Termik santrallerin neden olduğu iklim değişikliğinin yol açtığı deniz seviyesi yükselmesi, kuraklıklar, seller, çeşitli böcek ve çekirgelerin tarım alanlarını istilası sonucunda gıda güvenliğinin yok olması, kıtlık, iklim göçleri, savaşlar ve güvenlik sorunları gibi insanlığın orta vadede geleceğini tehdit eden küresel sorunların yanı sıra, Covid -19 Corona virusu salgın hastalığında olduğu gibi kısa vadede küresel pandemilere de yol açarak Türk halkının ve gezegen halklarının yaşama hakkını ortadan kaldıran süreçlere evrilmiştir.

Termik santraller bir yandan Covid -19 küresel salgın hastalığına yol açan iklim değişikliğinin 1 numaralı sebebiyken, diğer yandan da havasını kirlettiği bölgelerde daha çok insanın hastalanmasına ve havası temiz olan bölgelere kıyasla oransal olarak da daha çok ölüme yol açmaktadırlar.   Öncelikle Covid -19 salgını nedeniyle, daha sonra da dilekçenin tamamında belirttiğimiz orta vadedeki hayati tehlikeler nedeniyle, iklim değişikliğine neden olan ve havasını kirlettiği bölgelerde Covid -19'dan daha çok sayıda insan ölmesine neden olan ülkemizde işletmede olan 30 kömürlü termik santralin  üretim lisanslarının iptal edilerek kapatılmalarını, üretim lisansı olan ancak işletmeye geçmemiş kömürlü  termik santrallerin de lisanslarının iptal edilmesini talep ediyoruz.

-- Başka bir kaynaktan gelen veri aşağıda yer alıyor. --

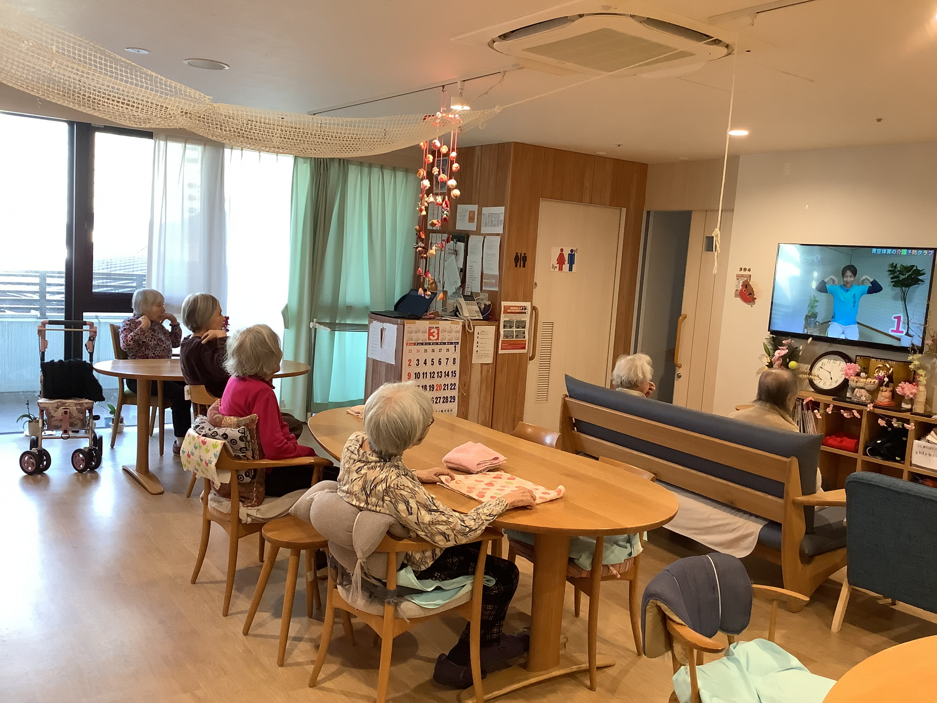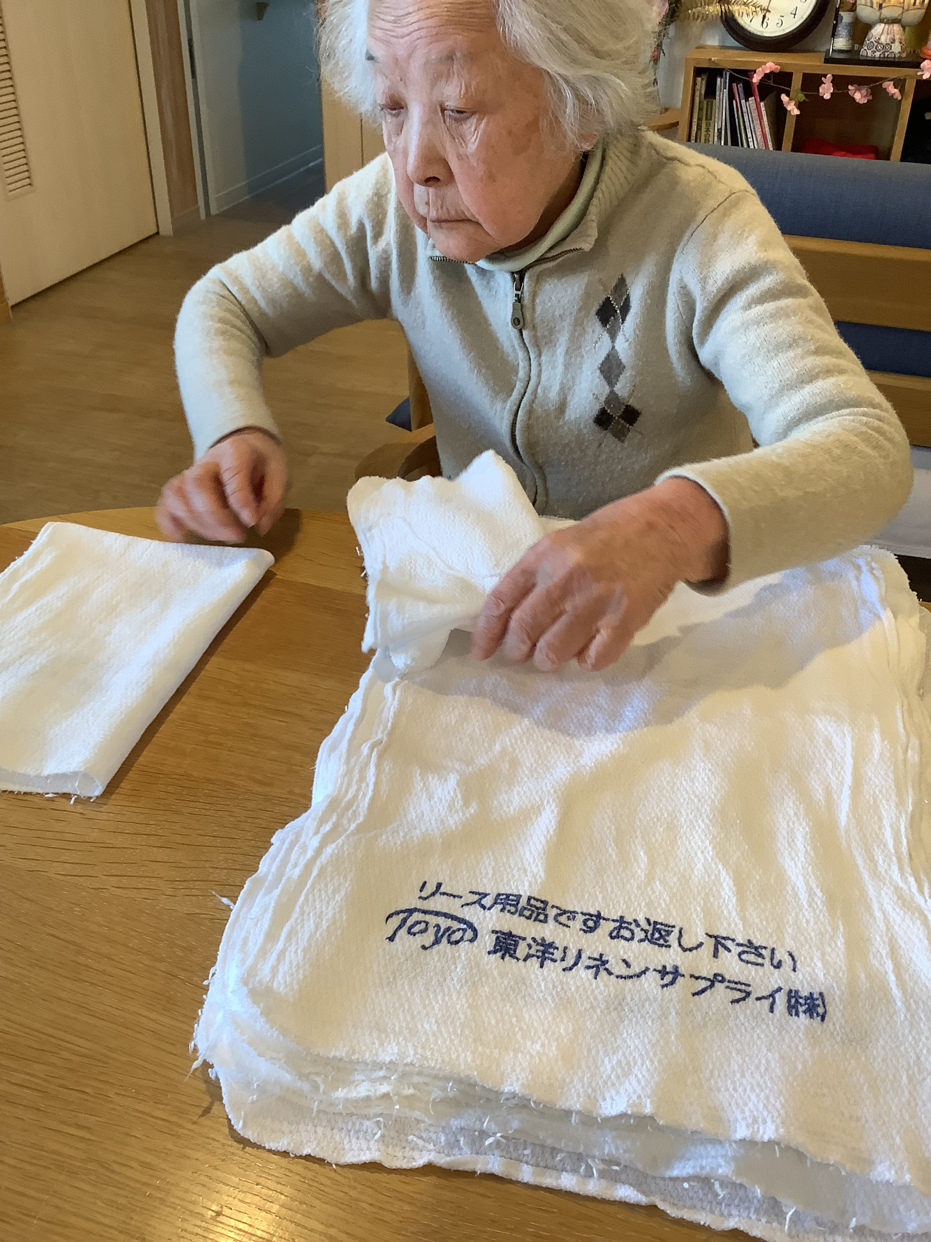 タオルを畳んだり,体操をしたり,お散歩も行きました。
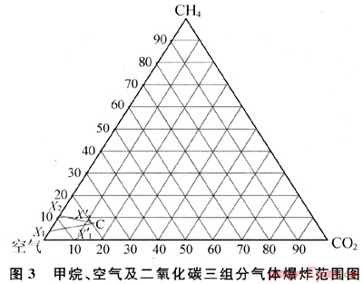 根據(jù)以上實(shí)驗(yàn)結(jié)果,繪制了CH4、CO2及空氣3組分氣體爆炸范圍圖,如圖3所示。經(jīng)檢測(cè)得知可燃?xì)釩H4在含有10%(體積分?jǐn)?shù)) CO2的混合空氣中的爆炸下限和上限分別為(X1、X2)、(X1’、X2’),三角形X1X2C即為CH4、CO2及空氣3組分氣體爆炸范圍。

DEVLETLERİN KURUMSAL ÇÖKÜŞÜ

Termik santrallerin yol açtığı iklim değişikliğinin neden olduğu Covid -19 salgınını ve gelecekteki yeni Corona virus mutasyonlarını engellemek ve termik santrallerin kurulduğu bölgelerde meydana gelen hava kirliliğinin Covid -19 ölümlerini arttırıcı etkisinin önüne geçmek, HALK SAĞLIĞININ ve HALKIN YAŞAM HAKKININ KORUNMASI için Cumhurbaşkanına Anayasanın 104. maddesiyle verilen yetki ve görev, bu salgını ve sonuçlarını önlemek için gereken tedbirleri almaktır.

Termik santrallerin kapatılması ülkemizin geleceği ve milli güvenlik açısından da MİLLİ GÜVENLİK ÖZELİNDE de elzemdir. Anayasamızın 104/13 . Maddesi de Cumhurbaşkanına "Milli güvenlik politikalarını belirlemek ve gerekli tedbirleri almak " yetki ve görevini vermiştir.

Bilimsel delilleriyle açıkladığımız üzere termik santrallerin neden olduğu iklim değişikliğinin yol açtığı Covid-19 salgını ve salgının yarattığı muhtelif riskler, yine iklim değişikliğinin yol açtığı Doğu Akdeniz -Ortadoğu bölgesindeki İKLİM GÖÇLERİ, SU ve YİYECEK SAVAŞLARI 'nın KÜRESEL SÜREÇLERE EVRİLMESİ olasılıkları gerçeğe dönüşürken, SAĞLIK -ADALET -EĞİTİM hizmetlerinin ve DEVLETLERİN KURUMSAL ÇÖKÜŞÜNÜ de beraberinde getirebilecektir.” Denildi.